(Stored items)
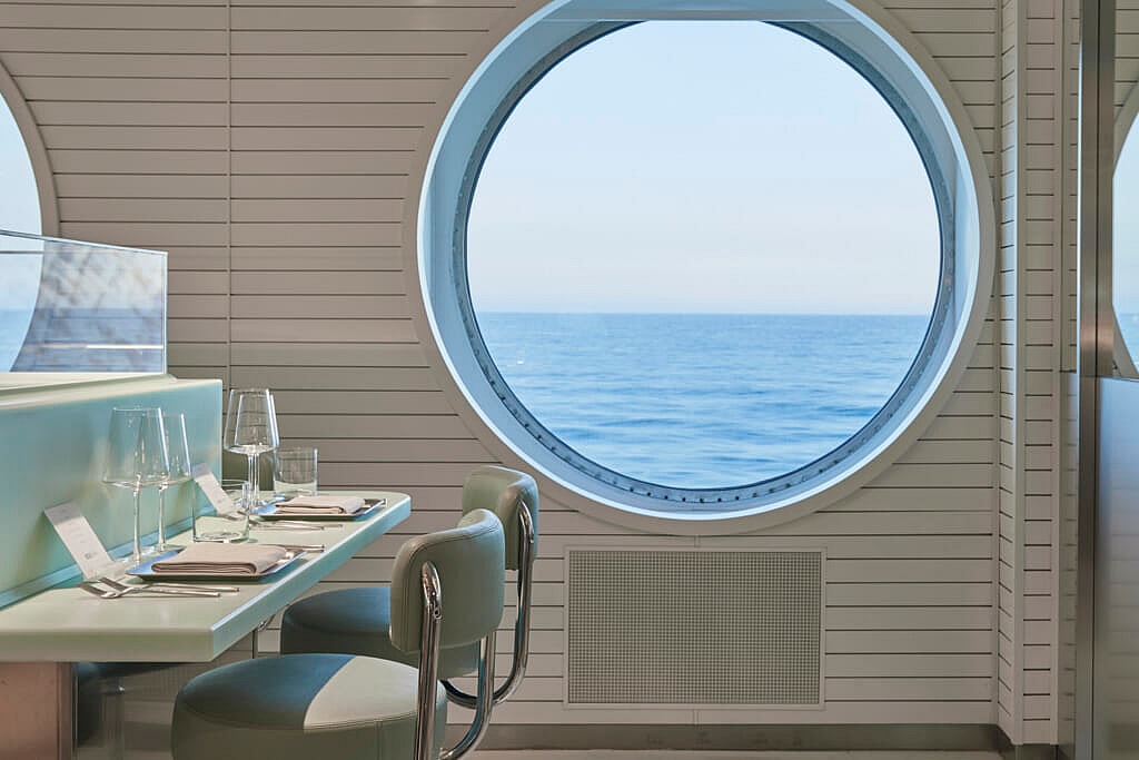 “All of our restaurants allow you to dine, as you would on land, with a full choice of a la carte menu, except for this one. VV likes to make a rule and then break a rule. We broke our own rule with Test Kitchen and created an amazing Michelin-inspired tasting menu where our guests are treated to a set menu. When Test Kitchen was designed with Concrete Amsterdam, we wanted a food-centric space and agreed the best table in any restaurant is the chef’s table.
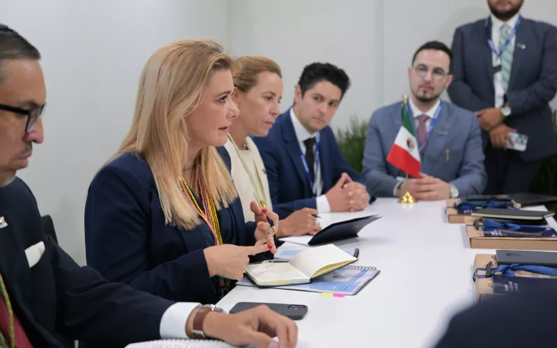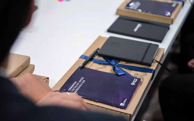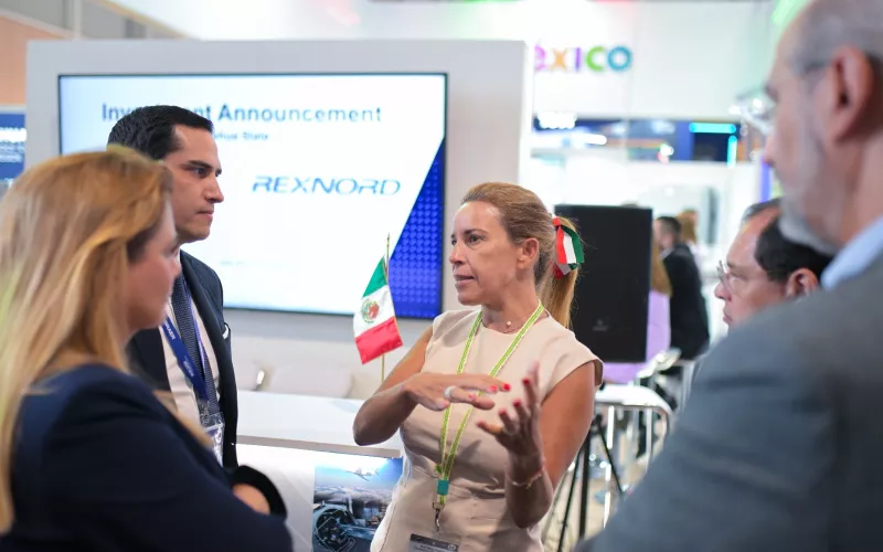 En el Pabellón de México, sostuvo una reunión con Jamie Quilter, vicepresidente y gerente general del Sector de Consumo y Aeroespacial de Rexnord Corporation, donde ambos dieron a conocer detalles sobre el inicio de operaciones de la compañía en territorio chihuahuense.
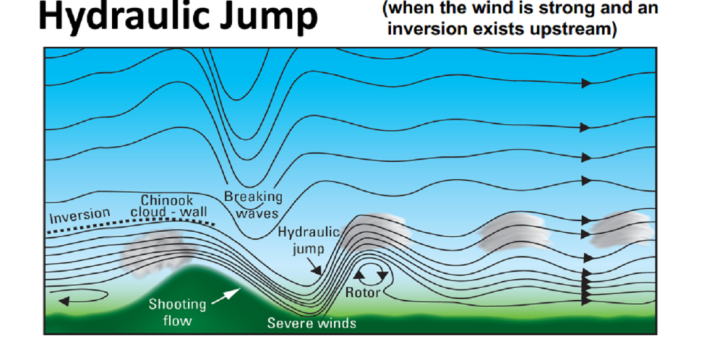Questa teoria ipotizza il flusso idrostatico di un fluido omogeneo delimitato da una superficie libera che passa sopra una barriera (in questo caso una barriera montuosa). In pratica il fenomeno mette in evidenza il delicato equilibrio che sussiste fra la velocità di una massa d’aria, la forza della differenza di pressione (gradiente barico orizzontale) che l’ha generata e la forza gravitazionale. Possiamo distinguere due casi didattici: 1) condizioni di flusso supercritico 2) condizioni di flusso subcritico.
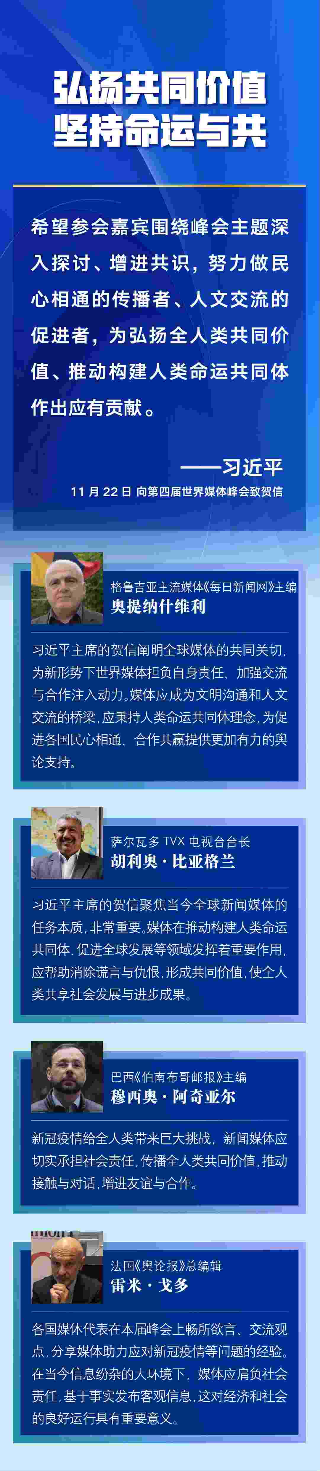 多國媒體人士認(rèn)為,習(xí)近平主席的賀信對全球媒體更好肩負(fù)社會(huì)責(zé)任、廣泛凝聚世界共識(shí)作出重要闡述,為新形勢下世界媒體加強(qiáng)交流與合作、弘揚(yáng)全人類共同價(jià)值、推動(dòng)構(gòu)建人類命運(yùn)共同體注入新的推動(dòng)力——
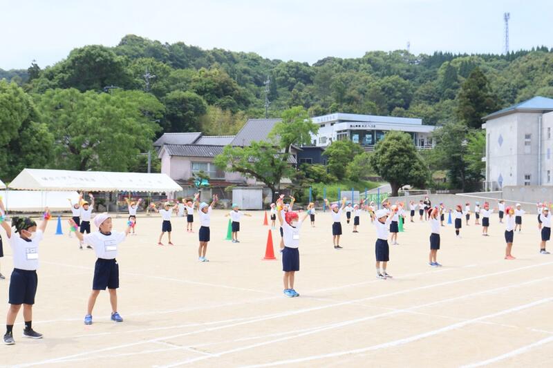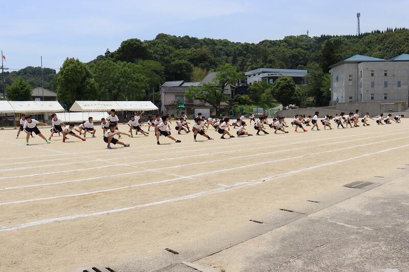 3時間目に低学年、4時間目に中学年、5時間目に高学年が運動場で運動会練習に頑張りました。
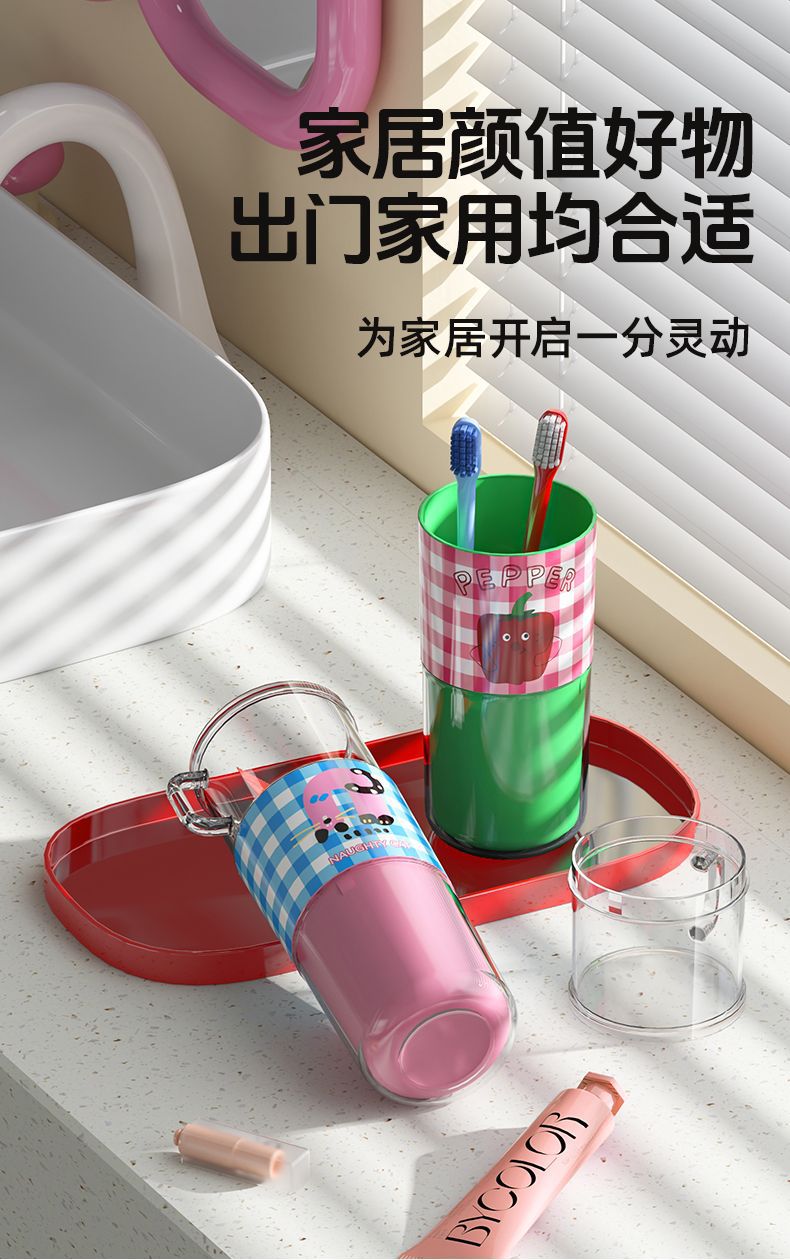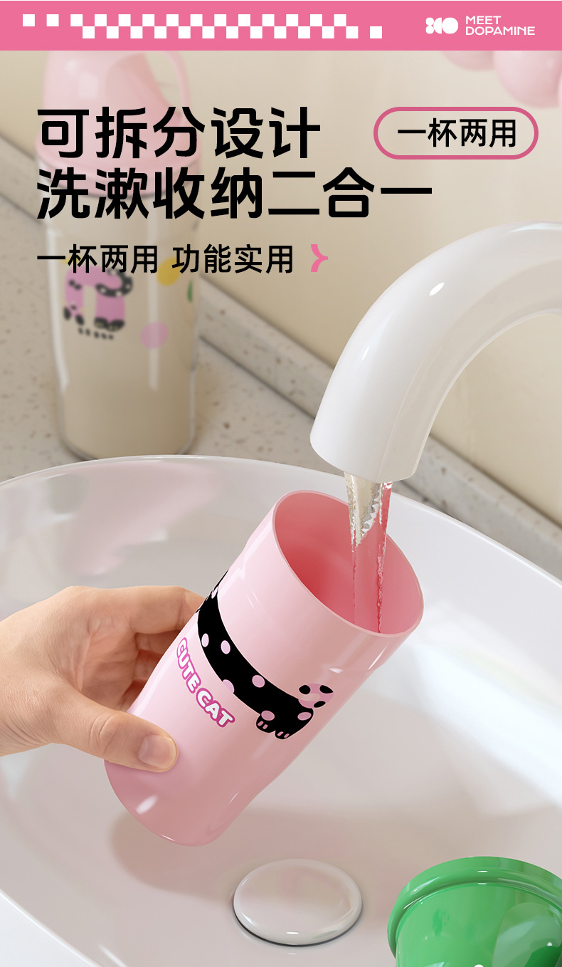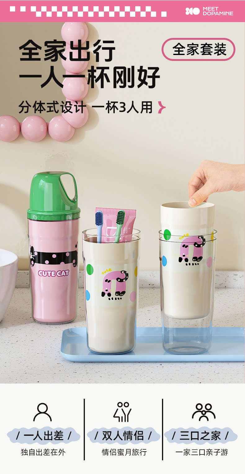 만화 도파민 여행 세척 컵 휴대용 칫솔 보관 상자 3 대 1 치과 구강 세척 컵 가정 학생
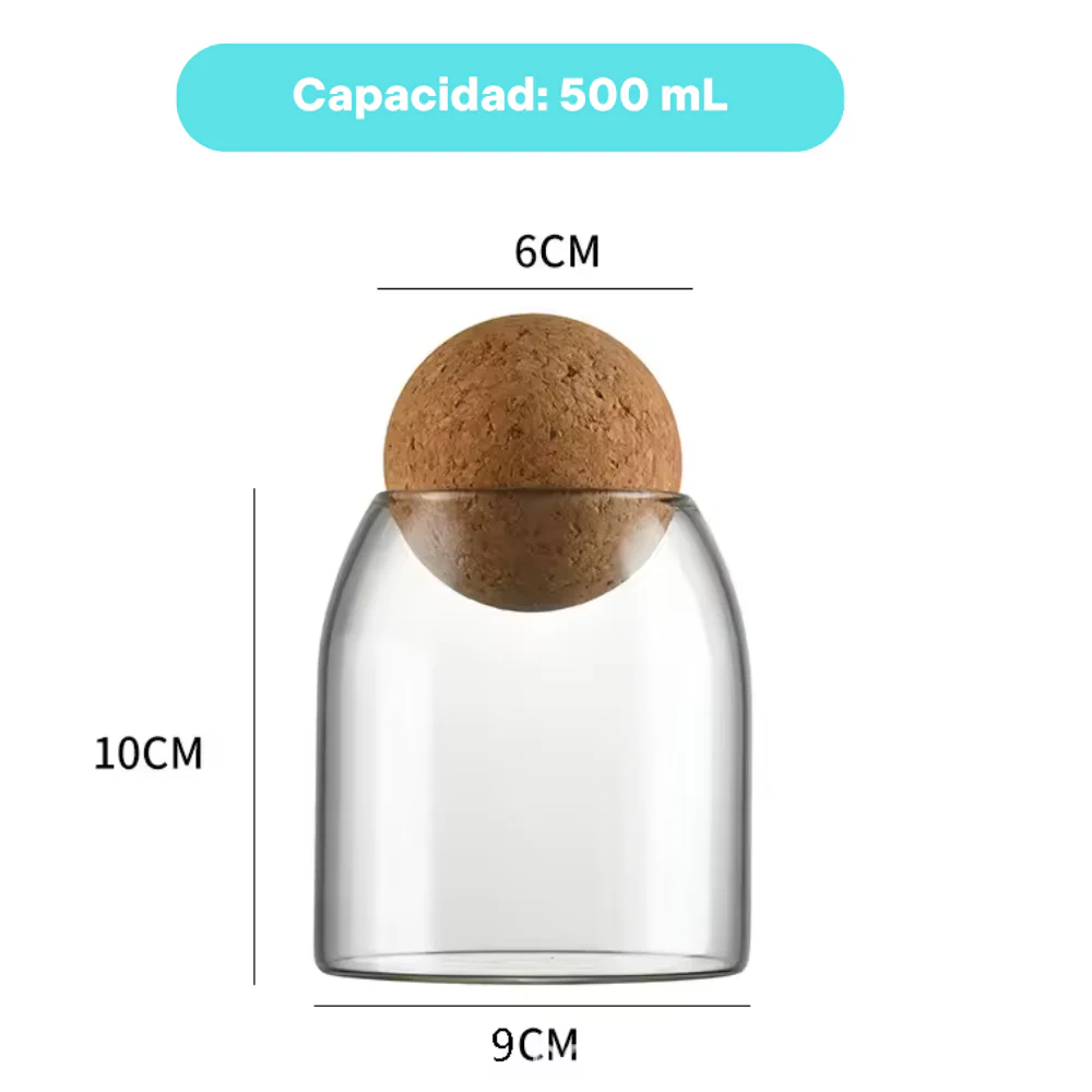 Los frascos de vidrio transparente, la tapa hermética de madera mantiene la humedad alejada en el interior y facilita el almacenamiento.

WHAT IS EXPECTED:
For this task, give again exactly the lines from the line with "多國媒體人士認(rèn)為,習(xí)近" through the end of the entries, including both ends, and omit the pictures.

SOLUTION FOR THIS TASK:
 多國媒體人士認(rèn)為,習(xí)近平主席的賀信對全球媒體更好肩負(fù)社會(huì)責(zé)任、廣泛凝聚世界共識(shí)作出重要闡述,為新形勢下世界媒體加強(qiáng)交流與合作、弘揚(yáng)全人類共同價(jià)值、推動(dòng)構(gòu)建人類命運(yùn)共同體注入新的推動(dòng)力——
 3時間目に低学年、4時間目に中学年、5時間目に高学年が運動場で運動会練習に頑張りました。
 만화 도파민 여행 세척 컵 휴대용 칫솔 보관 상자 3 대 1 치과 구강 세척 컵 가정 학생
 Los frascos de vidrio transparente, la tapa hermética de madera mantiene la humedad alejada en el interior y facilita el almacenamiento.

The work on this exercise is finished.